Your computer is a mess: Guide to cleaning up your Mac or PC the right way

A cluttered computer can prevent you from enjoying your digital life to the fullest. For example, maybe you’ve read our handy guide on how to restore old family photos. If you’re ready to digitize iconic moments from your family history, a Mac or PC full of junk could crack those plans.

In fact, even a surplus of junk can get in the way of your professional life. If you work from home, you probably need to save, create, and upload files from time to time. The messier your computer is, the longer your work takes – which makes your days even more difficult.

If your Mac or PC isn’t working as well as before, grab your digital feather duster to clean out the dust in your system. Not sure where to start? No worries. Here are some easy ways to kickstart the process.

1. Remove Sensitive Files from Your Desktop or Folder
When we delete a file on our Mac or PC, we assume that it is gone forever. In fact, it’s just been sent to the Trash or Recycle Bin. It does not delete these files permanently.

In fact, one could still see these files months later. Think private documents and the treasure trove of sensitive data you’re leaving behind. Someone can peek through all this stuff – right under your nose.

Plus, if you haven’t emptied your bin for a while, it can slow down your computer. Think of it as the digital equivalent of your physical trash can: The contents are cleaned out only when you take the extra step of emptying them.
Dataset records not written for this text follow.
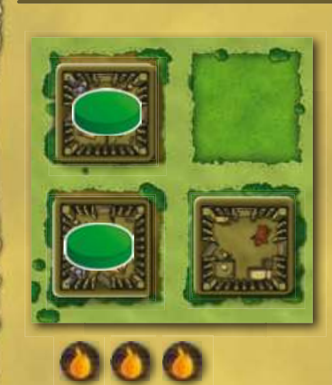
Example: Fraser has a 3-roomed Wooden Hut and 2 Family members. He must pay 3 Fuel to heat his Home (not 2, for his 2 Family members).

Farmyard spaces with Moor or Forest tiles are counted as "used".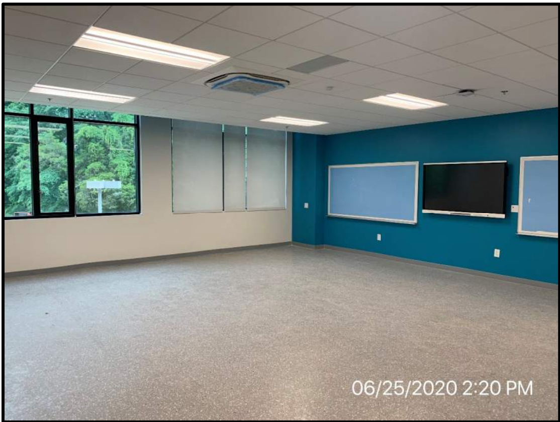
View of mockup classroom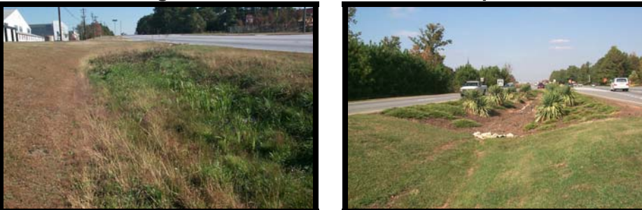
Figure 4-39. Enhanced Swale Examples

There are two primary enhanced swale designs, the dry swale and the wet swale (or wetland channel ). Figure 4-39 depicts both types of enhanced swales.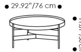
Medium Coffee Table 29.92\"/>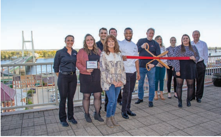
MARTINI'S 25TH ANNIVERSARY Martini's Grille celebrates their 25th Anniversary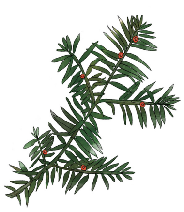
Canadian Yew (Taxus canadensis) Grows 2'-3' tall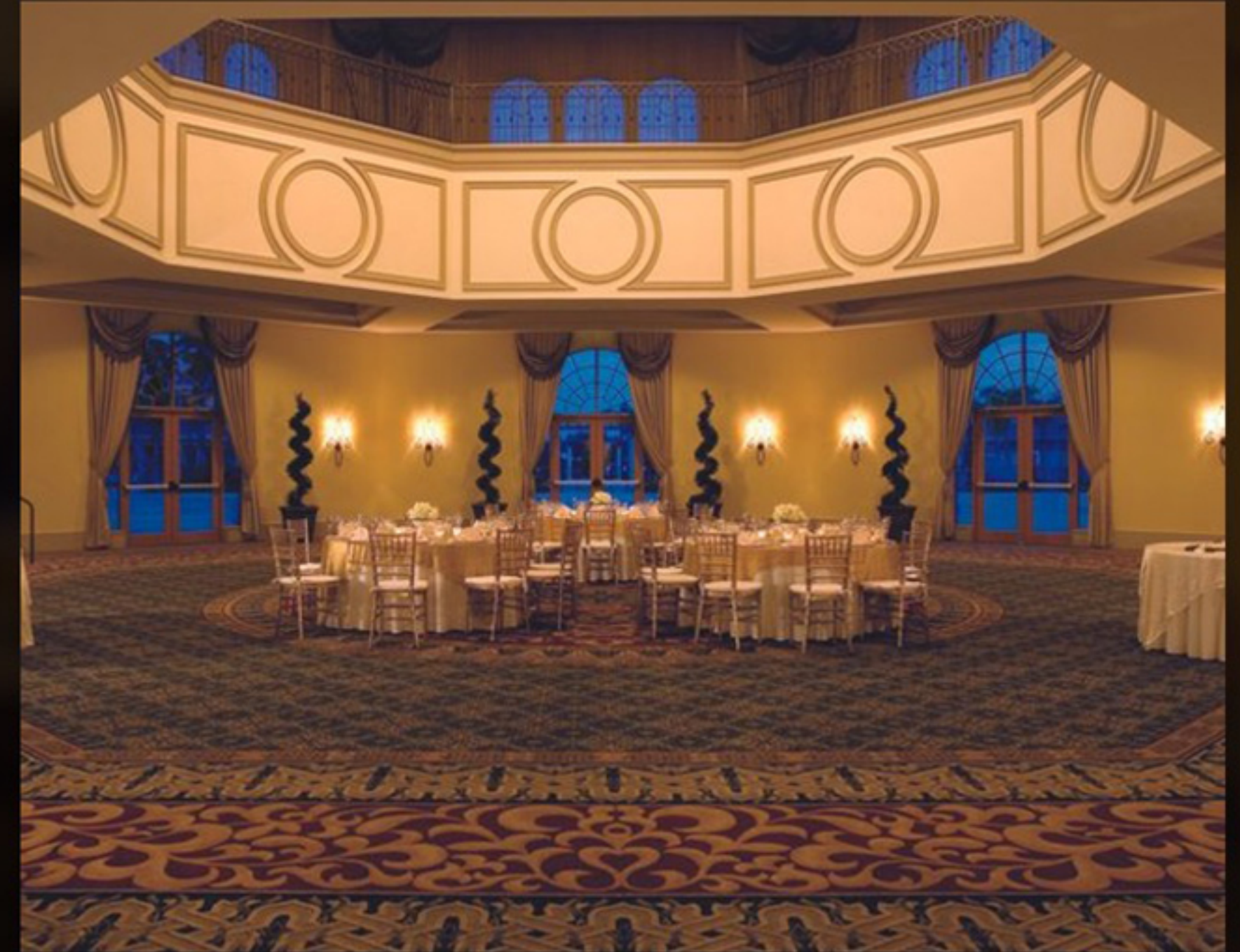
Photo of gorgeous ballroom where Gala will be held.

In a year like no other, we invite you to join us to celebrate the Class of 2021, their journey through OCSA and the legacy they leave behind!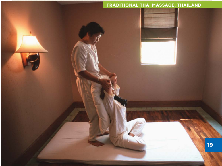
TRADITIONAL THAI MASSAGE, THAILAND

From Lonely Planet Thailand, 14th edition, and Lonely Planet's Best in Travel 2014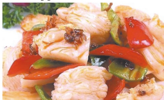
XO炒鱷魚肉 $30.80 XO Chilli Crocodile Meat

圖片僅供參考，實物以出品為準 The picture is only for reference, please make the object as the standard.

Tap or click here to permanently erase your personal data.

If you want to back up your important files before deleting them, we recommend a secure cloud service like IDrive for anything you want to keep safe. It is much more secure than storing it locally.
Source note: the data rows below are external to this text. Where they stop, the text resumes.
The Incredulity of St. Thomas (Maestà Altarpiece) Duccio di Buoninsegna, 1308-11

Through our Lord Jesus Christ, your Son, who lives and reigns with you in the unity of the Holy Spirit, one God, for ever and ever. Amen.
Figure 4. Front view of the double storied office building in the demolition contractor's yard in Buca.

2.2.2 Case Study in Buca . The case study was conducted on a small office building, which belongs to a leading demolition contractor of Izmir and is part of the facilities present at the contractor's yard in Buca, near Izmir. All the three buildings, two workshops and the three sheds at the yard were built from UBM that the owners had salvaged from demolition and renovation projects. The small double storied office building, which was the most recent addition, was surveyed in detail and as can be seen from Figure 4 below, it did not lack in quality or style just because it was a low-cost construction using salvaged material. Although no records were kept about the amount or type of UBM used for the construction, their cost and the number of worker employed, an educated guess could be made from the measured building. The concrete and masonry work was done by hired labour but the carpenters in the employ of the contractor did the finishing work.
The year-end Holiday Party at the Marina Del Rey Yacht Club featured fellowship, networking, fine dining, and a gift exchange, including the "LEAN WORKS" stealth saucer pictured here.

The good news: iDrive Komando is a sponsor of the show, so we’ve just snagged a special deal just for listeners and readers like you. Save 90% when you sign up for and use promo code “KIM” at checkout.

2. Remove programs you don’t need or use anymore
First, it only makes sense to remove programs that you no longer use. Many apps can take up a ton of space, so cleaning them up leaves more room for your interest.

Secondly, outdated apps can really put you at risk. If you haven’t been using a particular app, you might not have known that an update has surfaced to address security flaws. By keeping this old program on your computer, you are leaving a door open for hackers to try and steal your personal data.

Here’s how you can detect and uninstall space-consuming apps with ease.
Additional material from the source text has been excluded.